INSTRUCTIONS TO FOLLOW ▸
Print the lines exactly. Start at the first line of the material below, end with the line that contains "набор 2 крючка", and skip all pictures.
=== RAW DATA ===
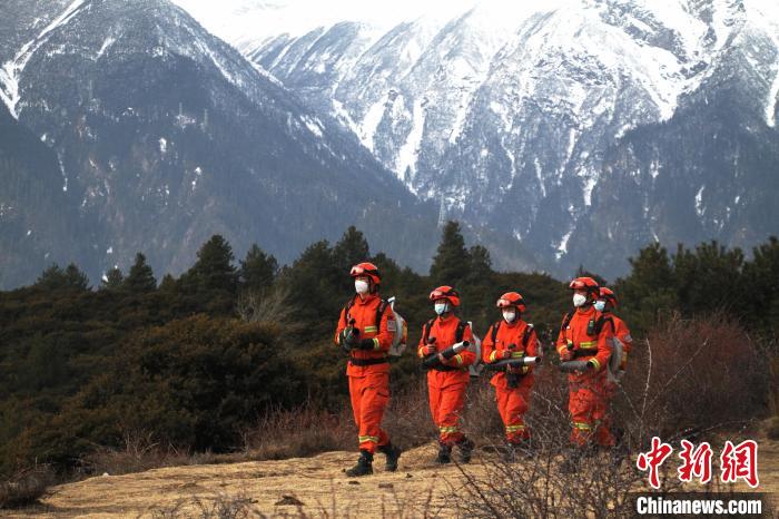 圖為森林消防隊(duì)員開展攜裝巡護(hù)。林芝市森林消防支隊(duì) 攝
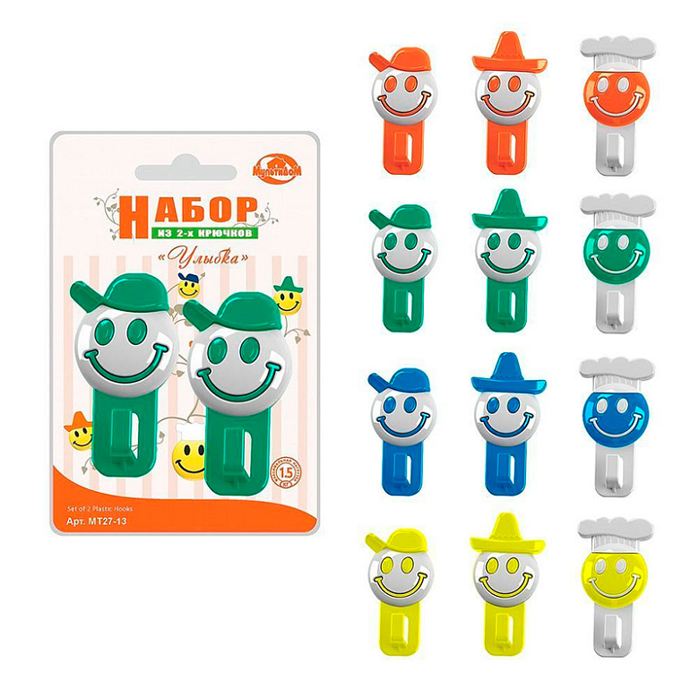 набор 2 крючка "улыбка-человечек" 8,5см, 3 дизайна, 4 цвета, б/выбора цвета 27.13
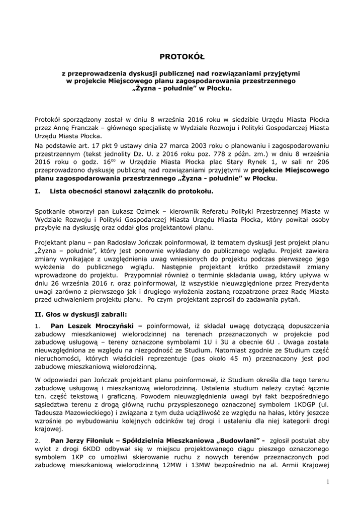 PROTOKÓŁ z przeprowadzenia dyskusji publicznej nad rozwiązaniami przyjętymi w projekcie Miejscowego planu zagospodarowania przestrzennego „Żyzna - południe” w Płocku. Protokół sporządzony został w dniu 8 września 2016 roku w siedzibie Urzędu Miasta Płocka przez Annę Franczak – głównego specjalistę w Wydziale Rozwoju i Polityki Gospodarczej Miasta Urzędu Miasta Płocka. Na podstawie art. 17 pkt 9 ustawy dnia 27 marca 2003 roku o planowaniu i zagospodarowaniu przestrzennym (tekst jednolity Dz. U. z 2016 roku poz. 778 z późn. zm.) w dniu 8 września 2016 roku o godz. 1600 w Urzędzie Miasta Płocka plac Stary Rynek 1, w sali nr 206 przeprowadzono dyskusję publiczną nad rozwiązaniami przyjętymi w projekcie Miejscowego planu zagospodarowania przestrzennego „Żyzna - południe” w Płocku. I. Lista obecności stanowi załącznik do protokołu. Spotkanie otworzył pan Łukasz Ozimek – kierownik Referatu Polityki Przestrzennej Miasta w Wydziale Rozwoju i Polityki Gospodarczej Miasta Urzędu Miasta Płocka, który powitał osoby przybyłe na dyskusję oraz oddał głos projektantowi planu. Projektant planu – pan Radosław Jończak poinformował, iż tematem dyskusji jest projekt planu „Żyzna – południe”, który jest ponownie wykładany do publicznego wglądu. Projekt zawiera zmiany wynikające z uwzględnienia uwag wniesionych do projektu podczas pierwszego jego wyłożenia do publicznego wglądu. Następnie projektant krótko przedstawił zmiany wprowadzone do projektu. Przypomniał również o terminie składania uwag, który upływa w dniu 26 września 2016 r. oraz poinformował, iż wszystkie nieuwzględnione przez Prezydenta uwagi zarówno z pierwszego jak i drugiego wyłożenia zostaną rozpatrzone przez Radę Miasta przed uchwaleniem projektu planu. Po czym projektant zaprosił do zadawania pytań. II. Głos w dyskusji zabrali: Pan Leszek Mroczyński – poinformował, iż składał uwagę dotyczącą dopuszczenia zabudowy mieszkaniowej wielorodzinnej na terenach przeznaczonych w projekcie pod zabudowę usługową – tereny oznaczone symbolami 1U i 3U a obecnie 6U . Uwaga została nieuwzględniona ze względu na niezgodność ze Studium. Natomiast zgodnie ze Studium część nieruchomości, których właścicieli reprezentuje (pas około 45 m) przeznaczony jest pod zabudowę mieszkaniową wielorodzinną. 1. W odpowiedzi pan Jończak projektant planu poinformował, iż Studium określa dla tego terenu zabudowę usługową i mieszkaniową wielorodzinną. Ustalenia studium należy czytać łącznie tzn. część tekstową i graficzną. Powodem nieuwzględnienia uwagi był fakt bezpośredniego sąsiedztwa terenu z drogą główną ruchu przyspieszonego oznaczonej symbolem 1KDGP (ul. Tadeusza Mazowieckiego) i związana z tym duża uciążliwość ze względu na hałas, który jeszcze wzrośnie po wybudowaniu kolejnych odcinków tej drogi i ustaleniu dla niej kategorii drogi krajowej. Pan Jerzy Fiłoniuk – Spółdzielnia Mieszkaniowa „Budowlani” - zgłosił postulat aby wylot z drogi 6KDD odbywał się w miejscu projektowanego ciągu pieszego oznaczonego symbolem 1KP co umożliwi skierowanie ruchu z nowych terenów przeznaczonych pod zabudowę mieszkaniową wielorodzinną 12MW i 13MW bezpośrednio na al. Armii Krajowej 2. 1 zamiast wprowadzania go w istniejące osiedle zabudowy mieszkaniowej. Utworzenie drogi dojazdowej w miejscu projektowanego ciągu pieszego wpisuje się także w istniejące skrzyżowanie al. Armii Krajowej z ulicą po przeciwległej stronie. Pan Fiłoniuk sugeruje przeniesienie ciągu pieszego 1KP w miejsce ulicy oznaczonej symbolem 7KDD. W odpowiedzi pan Jończak wyjaśnił, iż projekt planu zakłada, że nowe tereny zabudowy mieszkaniowej wielorodzinnej obsługiwane będą przez projektowaną drogę 6KDL i jej połączenie z drogami 7KDL i 1KDZ z pominięciem istniejącego układu drogowego (ulica 8KDD). Stąd wyższa klasa techniczna tych dróg. Poinformował również, iż al. Armii Krajowej w obecnie obowiązującym Miejscowym planie zagospodarowania osiedla Podolszyce Północ została sklasyfikowana jako droga zbiorcza, dla których obowiązują normatywy określające minimalne odległości pomiędzy skrzyżowaniami. Dodał również, iż ciąg pieszy 1KP ustalony był również w obecnie obowiązującym planie miejscowym. Na zakończenie poinformował, iż propozycja zgłoszona przez Pana Filoniuka jest oczywiście do rozważenia. Panowie Bronikowscy – są właścicielami budynku przy al. Armii Krajowej 42 zlokalizowanego na terenie 15MW. Zgłaszają podobny problem jak ich przedmówca. Ich zdaniem proponowany przebieg drogi 6KDD jest nietypowy i skomplikowany i narusza wiele interesów. Proponują, podobnie jak Pan Fiłoniuk, dla nowo projektowanego fragmentu drogi 6KDD bezpośredni dostęp do al. Armii Krajowej w miejscu projektowanego ciągu 1KP. W przypadku likwidacji drogi 7KDD nie będą wnosić sprzeciwu. 3. W odpowiedzi – Pan Ozimek poinformował, iż wszystkie uwagi należy wnosić na piśmie w terminie do 26 września . 4. • Pan Leszek Mroczyński – poruszył zagadnienia dotyczące: Wyjaśnienia zakazu lokalizacji obiektów stanowiących źródło żerowania ptaków – jakich obiektów dotyczy ten zakaz? Projektant wyjaśnił, iż zamieszczenie tego ustalenia w projekcie planu wynika z treści wniosku zgłoszonego przez Prezesa Urzędu Lotnictwa Cywilnego, a jego zamieszczenie w treści projektu planu było warunkiem jego uzgodnienia. • Sprawdzenia przyjętych szerokości stref od rurociągów naftowych, gdyż jego zdaniem minimalna szerokość strefy powinna wynosić 12 m a nie 16 m. Projektant poinformował, że szerokości stref zostały określone przez zarządcę sieci. Przyjęte wartości wynikają także z rozporządzenia w sprawie warunków technicznych, jakim powinny odpowiadać bazy i stacje paliw płynnych, rurociągi przesyłowe dalekosiężne służące do transportu ropy naftowej
===
RESPONSE BOX ▸
 圖為森林消防隊(duì)員開展攜裝巡護(hù)。林芝市森林消防支隊(duì) 攝
 набор 2 крючка "улыбка-человечек" 8,5см, 3 дизайна, 4 цвета, б/выбора цвета 27.13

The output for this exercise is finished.